Bug 4191 - globusrun-ws job submission hangs
: globusrun-ws job submission hangs
Status: RESOLVED INVALID
: GRAM
wsrf managed execution job service
: 4.0.1
: Macintosh All
: P3 normal
: 4.2
Assigned To:
:
:
:
:
  Show dependency treegraph
 
Reported: 2006-02-02 00:19 by
Modified: 2006-10-03 09:05 (History)


Attachments
Container log (128.12 KB, text/plain)
2006-02-02 00:22, Stuart Martin
Details


Note

You need to log in before you can comment on or make changes to this bug.


Description From 2006-02-02 00:19:20
Here is a report from Charles and Tony Vu for a TeraGrid install.

-Stu

New kind of failure on an SDSC node.  The job isn't even being run, unlike the UC and IU cases we saw.  
The relevant line in the container log appears to be
2006-02-01 16:14:59,887 ERROR exec.RunQueue [Thread-20,run:162] Unable to process state 
transition.

Charles

Begin forwarded message:

From: Tony Vu <tonyv@sdsc.edu>
Date: February 1, 2006 6:24:31 PM CST
To: Charles Bacon <bacon@mcs.anl.gov>
Subject: Re: globusrun-ws job submission hangs

Yes.. same case if I try /tmp/touched_it.

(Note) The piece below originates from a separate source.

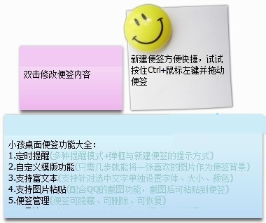 小孩桌面便签是一个可以自定义的桌面笔记应用小工具。小孩桌面便签最新版本可以用软件轻松记录待办事项。小孩桌面便签还有一个功能强大的笔记管理器,可以为你的笔记管理器设置密码,也可以当笔记本使用。

I've attached a fresh container.log file that contains only the messages since the last globusrun-ws I 
performed after turning on debugging for GRAM and restarting.  There are several "User Cancel" 
request messages in there probably from previous validation jobs I submitted.  I'm not sure how to 
clear those out of the container "queue" .

Thanks for your help.?
On Feb 1, 2006, at 4:08 PM, Charles Bacon wrote:

On Feb 1, 2006, at 5:57 PM, Tony Vu wrote:

Thanks for the reply, Charles.  The file isn't being touched either actually..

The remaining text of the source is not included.